Excerpts from a dataset
--- START ---

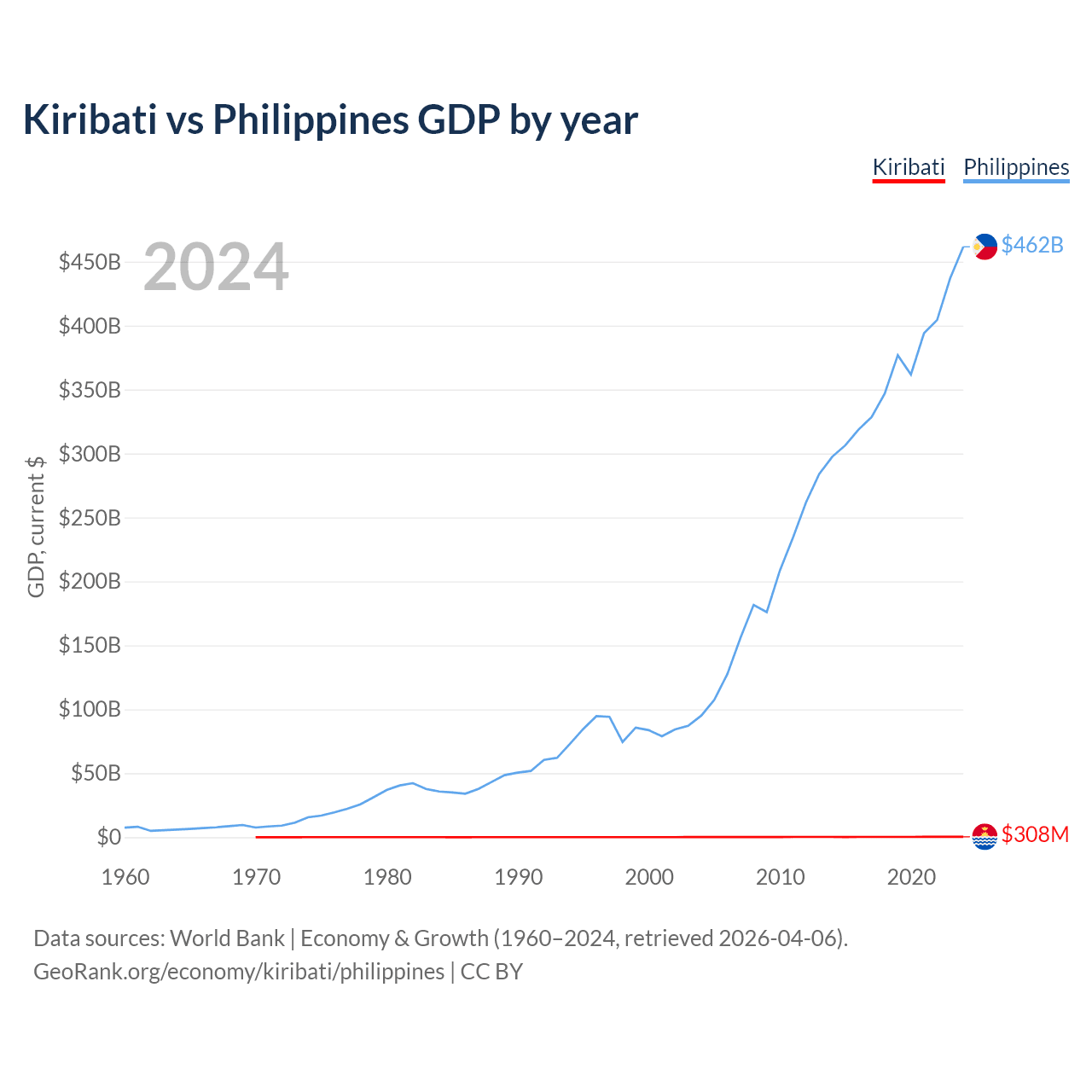 Kiribati has a GDP of $308M compared to $462B for the Philippines, ranking 192/197 and 35/197 by economy size, respectively.
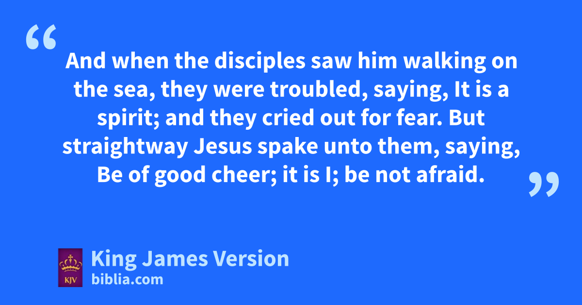 22 wAnd straightway Jesus constrained his disciples to get into a ship, and to go before him unto the other side, while he sent the multitudes away. 23 And when he had sent the multitudes away, he went up xinto a mountain apart to pray: and when the evening was come, he was there alone. 24 But the ship was now in the midst of the sea, tossed with waves: for the wind was contrary. 25 And in the yfourth watch of the night Jesus went unto them, walking on the sea. 26 And when the disciples saw him zwalking on the sea, they were troubled, saying, It is aa spirit; and they cried out for fear. 27 But straightway Jesus spake unto them, saying, Be of good cheer; it is I; bbe not afraid. 28 And Peter answered him and said, Lord, if it be thou, bid me come unto thee on the water. 29 And he said, Come. And when Peter was come down out of the ship, he walked on the water, to go to Jesus. 30 But when he saw the wind ||boisterous, he was afraid; and beginning to sink, he cried, saying, Lord, save me. 31 And immediately Jesus stretched forth his hand, and caught him, and said unto him, cO thou of little faith, wherefore didst thou doubt? 32 And when they were come into the ship, the wind ceased. 33 Then they that were in the ship came and dworshipped him, saying, Of a truth thou art ethe Son of God.
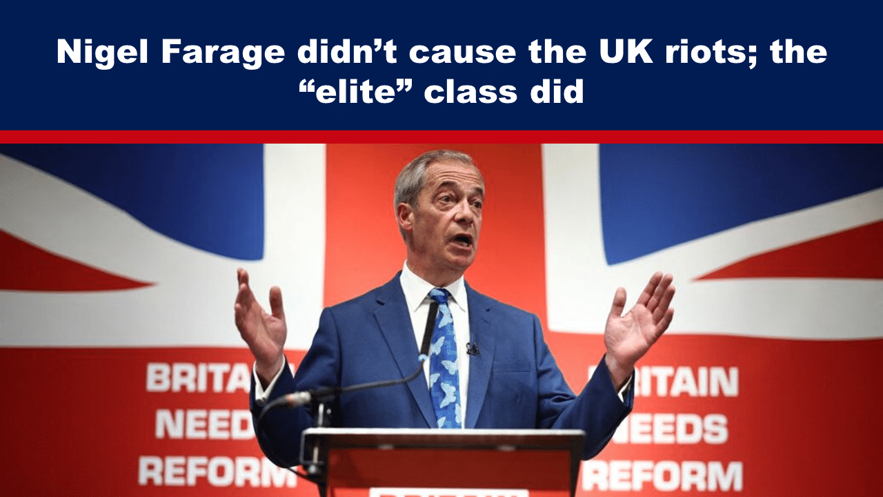 NO. Nigel Farage didn’t cause the RIOTS. The ELITE CLASS did.
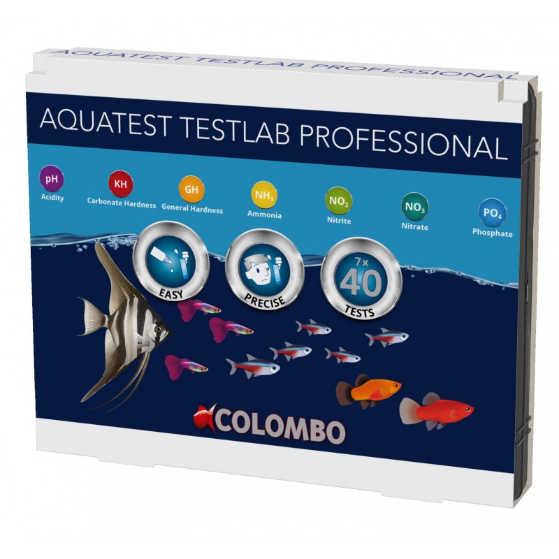 Mallette de test avec des test liquides professionnels pour tester l'eau d'aquarium et du bassin. Inclus dans la mallette des tubes éprouvette, un guide de couleur, une seringue et un manuel complet. Les test Colombo unitaires Aquatest peuvent remplacés ceux utilisés. PH/GH/KH/NH3/NO2/N03/PO4|
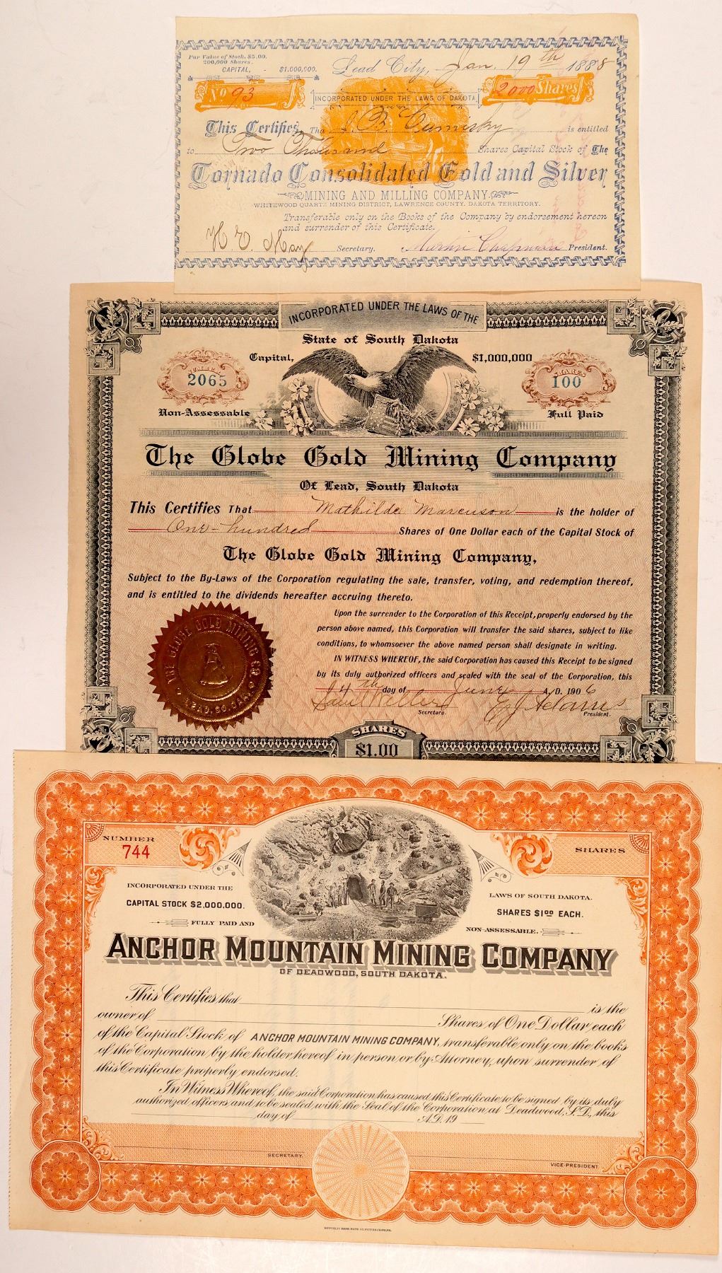 Globe Gold Mining Company I/U No. 2065 for 100 shares to Mathilda Mareuson signed by E.J. Helmans(?), slight tears in for (4) approx. .5" to 1" at crease, please inspect; Tornado Consolidated Gold and Silver Mining and Milling Company I/U from Lead City, 1888, No. 93 for 1000 shares to J. B. Cumisky signed by President Martin Chapman; Archor Mountain Mining Company of Deadwood South Dakota Unissued. #744.
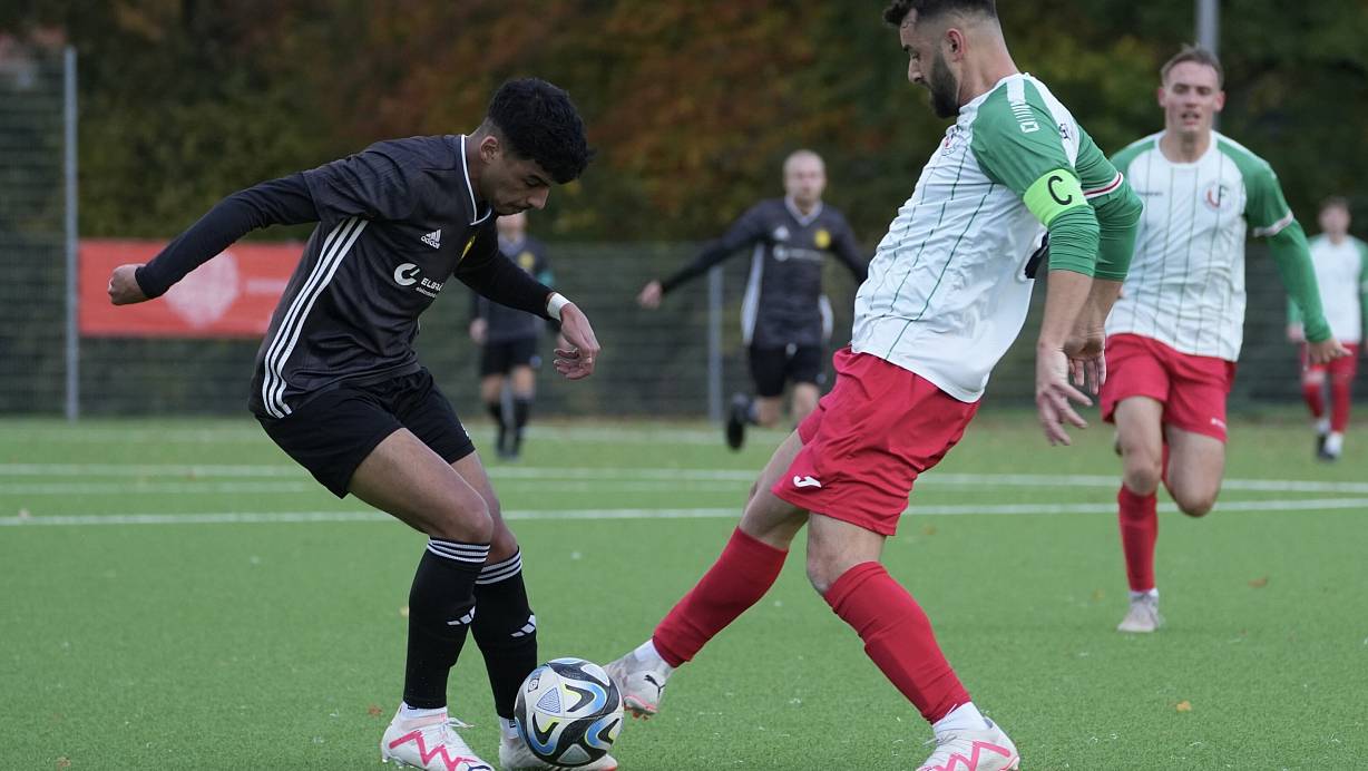 Wellensieks Taha Ajdar Moulla gewinnt in dieser Szene den Zweikampf gegen Fichtes Kapitän Hüseyin Karahan (r.). | © Peter Unger

--- END ---

* Exercise requirements: Look above for the line containing "Globe Gold Mining"; output that line and all lines after it through the last one exactly, without the pictures.

* Exercise output:
 Globe Gold Mining Company I/U No. 2065 for 100 shares to Mathilda Mareuson signed by E.J. Helmans(?), slight tears in for (4) approx. .5" to 1" at crease, please inspect; Tornado Consolidated Gold and Silver Mining and Milling Company I/U from Lead City, 1888, No. 93 for 1000 shares to J. B. Cumisky signed by President Martin Chapman; Archor Mountain Mining Company of Deadwood South Dakota Unissued. #744.
 Wellensieks Taha Ajdar Moulla gewinnt in dieser Szene den Zweikampf gegen Fichtes Kapitän Hüseyin Karahan (r.). | © Peter Unger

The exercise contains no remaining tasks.